Selective pressure of endocrine therapy activates the integrated stress response through NFκB signaling in a subpopulation of ER positive breast cancer cells

Affiliations

Selective pressure of endocrine therapy activates the integrated stress response through NFκB signaling in a subpopulation of ER positive breast cancer cells

Svetlana E Semina et al. Breast Cancer Res. .

Abstract

Background: While estrogen receptor (ER) positive breast tumors generally respond well to endocrine therapy (ET), up to 40% of patients will experience relapse, either while on endocrine therapy or after ET is completed. We previously demonstrated that the selective pressure of tamoxifen activates the NFκB pathway in ER + patient tumors, breast cancer cell lines, and breast cancer xenograft tumors, and that this activation allows for survival of a subpopulation of NFκB + cells that contribute to cell regrowth and tumor relapse after ET withdrawal. However, the mechanisms contributing to the expansion of an NFκB + cell population on ET are unknown.

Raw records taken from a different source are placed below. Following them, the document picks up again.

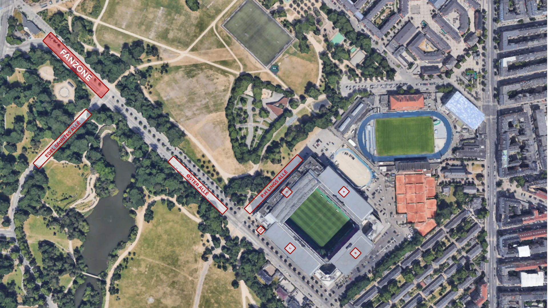 OBS! Grundet omfattende vejarbejde på Øster Allé er fanzonen til kampen rykket ned på stykket mellem Edel Sauntes Allé og Vibenshus Runddel. Se placeringen på kortet herunder.
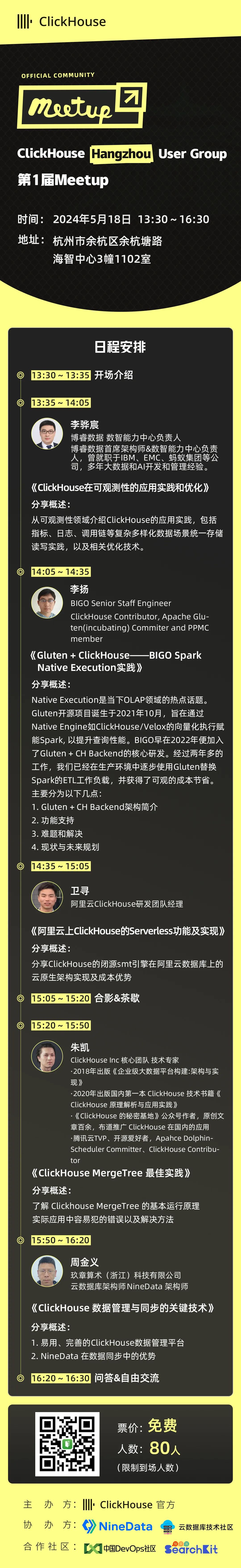 ClickHouse Hangzhou User Group第1届 Meetup 火热报名中,详见文末海报!
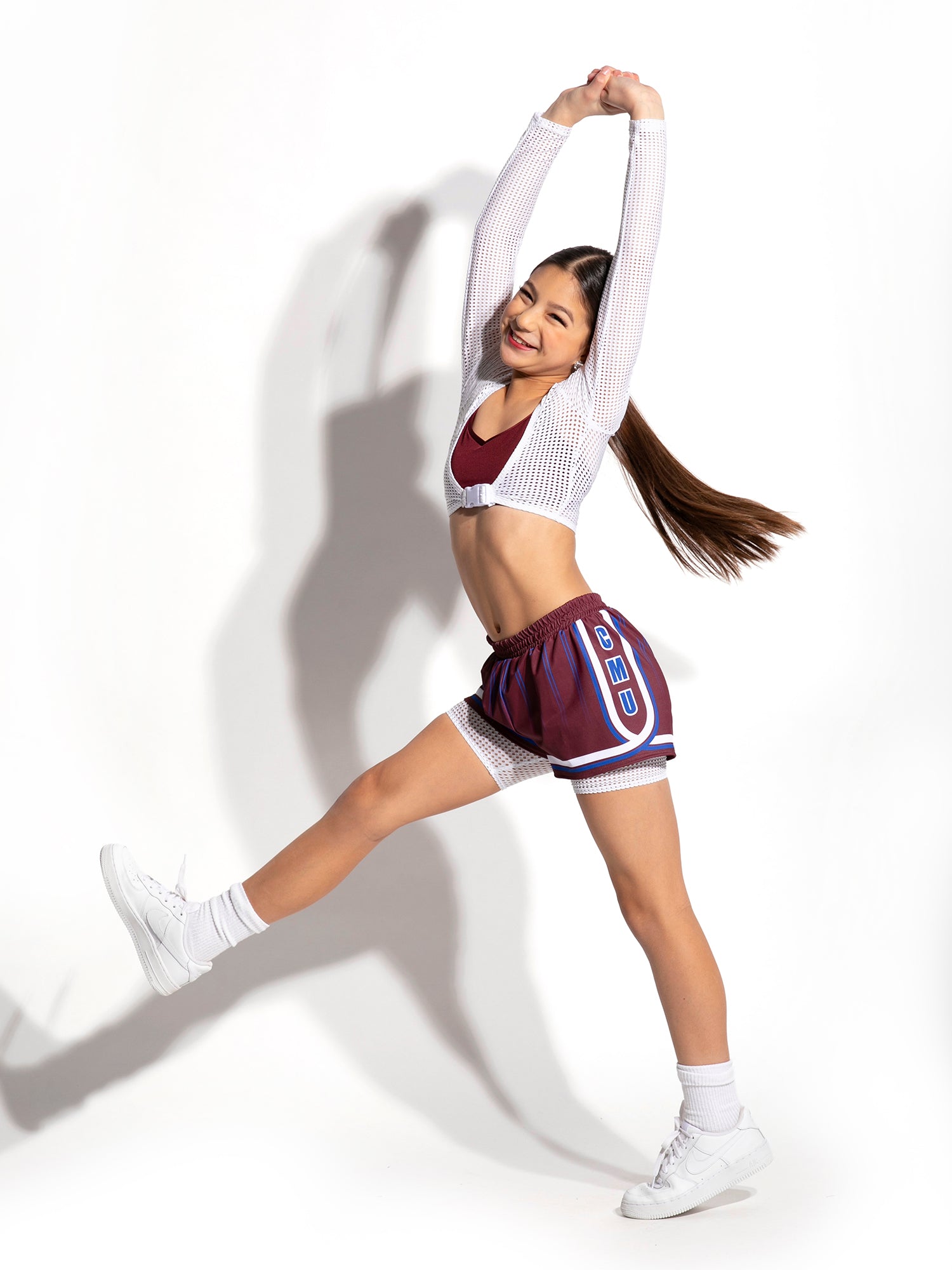 - High waist loose sublimated short with pop mesh biker short attached underneath
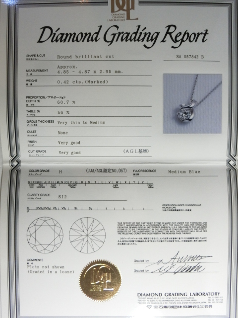 ・鑑別書のない商品につきましてはご希望に応じ鑑別書作成会社に作成を依頼いたします。
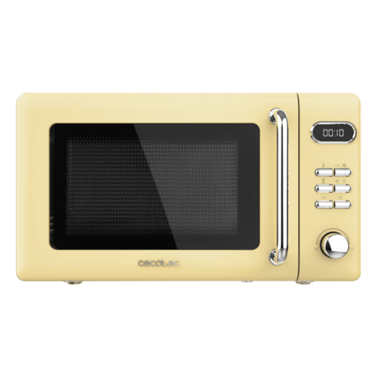 Cecotec 01713. Tipo de instalación: Encimera, Tipo de producto: Microondas con grill, Capacidad interior: 20 L, Potencia del microondas: 700 W, Pantalla incorporada, Tipo de control: Botones, Giratorio, Color del producto: Amarillo
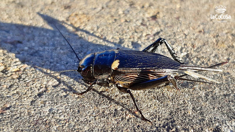 Gryllus (Gryllus) bimaculatus De Geer, 1773. Localidad: La Cocosa;  Hábitat: Dehesa de encinas y alcornoques con algunos pinos piñoneros (fotografiado en jardín en la dehesa); Cuadrícula UTM:  29SPC79; Altitud: 245; Fecha: 30/09/2019

Methods: Here, we utilized single-cell RNA sequencing and bioinformatics approaches to characterize the NFκB + cell population and its clinical relevance. Follow-up studies were conducted to validate our findings and assess the function of the integrated stress response pathway in breast cancer cell lines and patient-derived models.

Results: We found that the NFκB + population that arises in response to ET is a preexisting population is enriched under the selective pressure of ET. Based on the preexisting NFκB + cell population, we developed a gene signature and found that it is predictive of tumor relapse when expressed in primary ER + tumors and is retained in metastatic cell populations. Moreover, we identified that the integrated stress response (ISR), as indicated by increased phosphorylation of eIF2α, occurs in response to ET and contributes to clonogenic growth under the selective pressure of ET.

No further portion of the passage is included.